IMHO people that write closed source code is too ashamed of how bad their code is, not that because you release it means that the code gets any better, but means that you aren’t afraid of being told that your code sucks, which probably means that it actually sucks less, and after all you will work harder to produce good code because you know that people will be able to see it and figure out how good programmers you are or are not.
IMHO: “Good programmers have *no* reason to hide their code away from their customers, they should be happy to show everybody how good they are.”
Any way, you will have a really hard time to find something more insecure than Win9x, open or closed…
I think I agree over all with your post, but how you present it IMHO is misleading and makes it almost FUD… not that people that assume that because something is OSS it should be 100% bug free is much better, but you can be sure that they will get what they deserve and their Mandrake boxes will be rooted pretty soon.
<
ant>
\k
no, tell me all about it…
I just fell off the turnip wagon just this morning…

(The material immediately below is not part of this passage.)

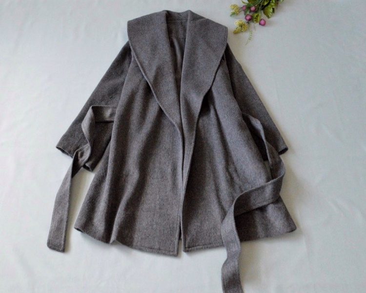 ウール混ベルト付きショールカラーシンプルなショットコート♪

it all boilds down to M$FT FUD & rhetoric, they will lie cheat & steal and possibly murder to gain market share…
M$FT rhetoric, M$FT rhetoric, M$FT rhetoric, M$FT rhetoric, M$FT rhetoric, M$FT rhetoric, M$FT rhetoric, M$FT rhetoric, M$FT rhetoric, M$FT rhetoric, M$FT rhetoric, M$FT rhetoric, M$FT rhetoric, M$FT rhetoric, M$FT rhetoric, M$FT rhetoric, M$FT rhetoric, M$FT rhetoric,
Nice article, as always, from the Economist. Its all about moderation and finding a middle point. A compromise. Perhaps a hybrid approach IS the way to go.

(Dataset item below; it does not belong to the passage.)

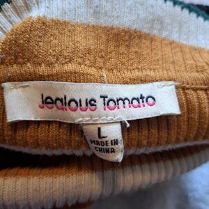 Excellent condition dress from Jealous Tomato - perfect for fall! Tannish-orange, green, white and black stripes, turtleneck and long, ruffle sleeves. Ribbed knit fabric is super stretchy. Size large; measures about 12 inches between the pits, 37 inches long and 21 inch sleeves.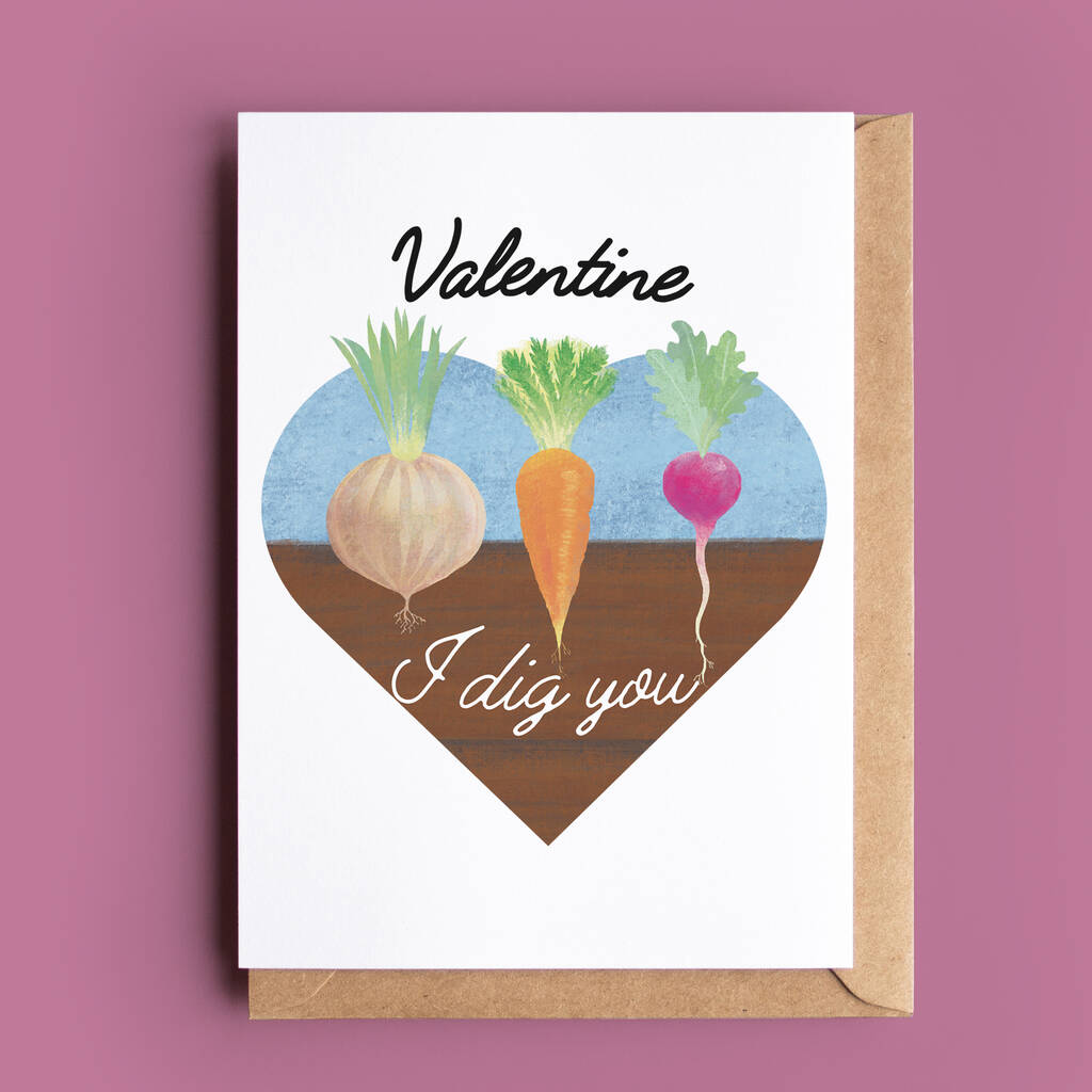 Make your Valentine smile with this charming message "Valentine, I dig you"

You *cannot* expect a company to make profit out of something that can be obtained for free. Companies must use open-source ‘cores’ and expand them with a nice end user feel. Just like StarOffice/OpenOffice or Mozilla/Netscape or Darwin/Mac OS X. The best example is probably MacOS X, since Netscape is giving its browser for free anyway, and StarOffice is not like a best-selling product.
I think hermetically closed source software is not a very nice thing to rely on, since it puts you in a dependance situation to the company or provider. If you use an Xserve as web server and Apple collapses, you will still have OS updates — just in the low level though. Darwin would still be alive.